To do –
Repeat the listing below exactly from the line with "The overall width" through its last line. Skip every picture.

Source data –
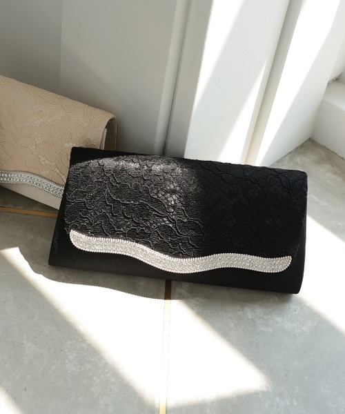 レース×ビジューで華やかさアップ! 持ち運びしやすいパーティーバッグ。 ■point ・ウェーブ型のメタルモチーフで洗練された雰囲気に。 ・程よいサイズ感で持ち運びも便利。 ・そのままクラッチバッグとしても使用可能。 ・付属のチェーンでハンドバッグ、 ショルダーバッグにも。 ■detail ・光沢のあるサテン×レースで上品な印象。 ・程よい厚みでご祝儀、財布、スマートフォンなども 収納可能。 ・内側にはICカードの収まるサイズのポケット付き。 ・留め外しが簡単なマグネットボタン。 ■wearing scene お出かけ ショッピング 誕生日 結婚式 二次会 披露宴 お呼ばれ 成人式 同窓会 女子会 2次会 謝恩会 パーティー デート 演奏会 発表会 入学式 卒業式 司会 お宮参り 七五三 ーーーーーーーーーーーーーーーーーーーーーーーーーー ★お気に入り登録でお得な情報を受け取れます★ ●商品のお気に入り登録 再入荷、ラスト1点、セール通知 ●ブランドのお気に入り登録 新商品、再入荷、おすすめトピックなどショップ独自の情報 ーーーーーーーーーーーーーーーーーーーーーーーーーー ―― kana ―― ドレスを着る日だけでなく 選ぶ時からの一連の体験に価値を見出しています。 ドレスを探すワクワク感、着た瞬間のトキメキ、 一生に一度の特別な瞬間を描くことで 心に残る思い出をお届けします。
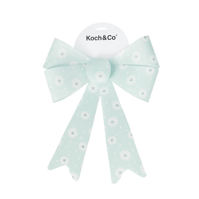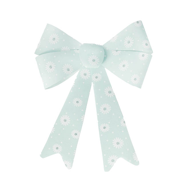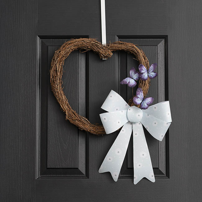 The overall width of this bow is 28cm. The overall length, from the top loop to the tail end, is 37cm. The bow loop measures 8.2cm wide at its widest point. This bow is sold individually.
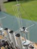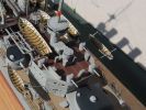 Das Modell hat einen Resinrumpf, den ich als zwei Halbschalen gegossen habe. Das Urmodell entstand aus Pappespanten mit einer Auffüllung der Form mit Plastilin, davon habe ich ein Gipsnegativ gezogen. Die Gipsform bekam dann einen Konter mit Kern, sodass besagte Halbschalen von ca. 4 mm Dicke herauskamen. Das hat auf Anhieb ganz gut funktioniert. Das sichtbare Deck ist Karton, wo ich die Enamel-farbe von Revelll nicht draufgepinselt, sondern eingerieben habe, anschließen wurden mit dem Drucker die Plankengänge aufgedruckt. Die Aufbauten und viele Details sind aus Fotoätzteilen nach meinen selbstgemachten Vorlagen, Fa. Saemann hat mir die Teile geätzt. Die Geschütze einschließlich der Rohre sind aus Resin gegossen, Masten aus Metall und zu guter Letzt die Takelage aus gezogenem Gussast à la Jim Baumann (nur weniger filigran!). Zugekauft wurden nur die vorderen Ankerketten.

Exercise output –
 The overall width of this bow is 28cm. The overall length, from the top loop to the tail end, is 37cm. The bow loop measures 8.2cm wide at its widest point. This bow is sold individually.
 Das Modell hat einen Resinrumpf, den ich als zwei Halbschalen gegossen habe. Das Urmodell entstand aus Pappespanten mit einer Auffüllung der Form mit Plastilin, davon habe ich ein Gipsnegativ gezogen. Die Gipsform bekam dann einen Konter mit Kern, sodass besagte Halbschalen von ca. 4 mm Dicke herauskamen. Das hat auf Anhieb ganz gut funktioniert. Das sichtbare Deck ist Karton, wo ich die Enamel-farbe von Revelll nicht draufgepinselt, sondern eingerieben habe, anschließen wurden mit dem Drucker die Plankengänge aufgedruckt. Die Aufbauten und viele Details sind aus Fotoätzteilen nach meinen selbstgemachten Vorlagen, Fa. Saemann hat mir die Teile geätzt. Die Geschütze einschließlich der Rohre sind aus Resin gegossen, Masten aus Metall und zu guter Letzt die Takelage aus gezogenem Gussast à la Jim Baumann (nur weniger filigran!). Zugekauft wurden nur die vorderen Ankerketten.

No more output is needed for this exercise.